All dependencies carry risk. Open source projects are abandoned all the time. What do you intend to take over maintenance of your database software if it is abandoned? Highly unlikely.
Agreed, and it is often tough to evaluate to any exact degree or measurement.
However, uniquely irreplaceable closed-source dependencies seem classifiable as carrying comparatively greater risk than thriving open source projects. This specific case is compounded because there are few (if any?) production-quality alternatives that offer what Datomic does, whether closed or open.
> What do you intend to take over maintenance of your database software if it is abandoned?
I would phrase this as "Can I hire a domain expert to fix blocking bugs in my database software if it is abandoned?", but this doesn't really account for the uniqueness of Datomic (unnecessary to really consider further since any fix is impossible due to being closed source).

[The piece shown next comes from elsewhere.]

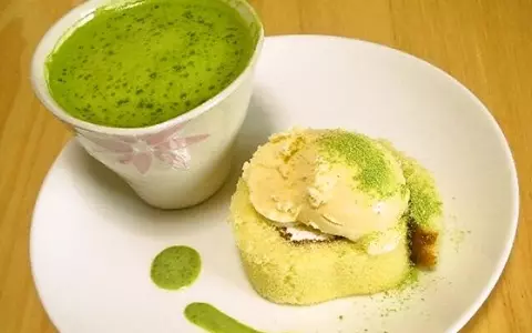 用意した材料はロールケーキ、バニラアイス、スティック抹茶ラテの3つ。どれもスーパーで買える商品だ。総額は約300円くらい。今回目指すは春を感じられる和っぽいロールケーキ。では早速アレンジ開始!

It boils down to "is my business even possible if this disappears" evalutation considering Datomic a novelty that enables and/or dramatically simplifies very specific use cases (profitable even in the short term) that basically wouldn't be possible without it -- and I believe Datomic does this! The best marketing for Datomic would reveal these use cases, but they are often a competive advantage.
> What do you intend to take over maintenance of your database software if it is abandoned?
Yeah. Unlikely I'd be adding any additional real features or anything but why not? It isn't magic. I'd also expect a lot of other people doing the same and we can share the maintenance load.
There is also a lot of functionality that is obviously backed by very nice code a lot of people would like to see and potentially use other places. But knowing you can do necessary maintenance and tweaks, even if it is while you rewrite your whole db layer to work with another product rather than a permanent thing, is a serious benefit.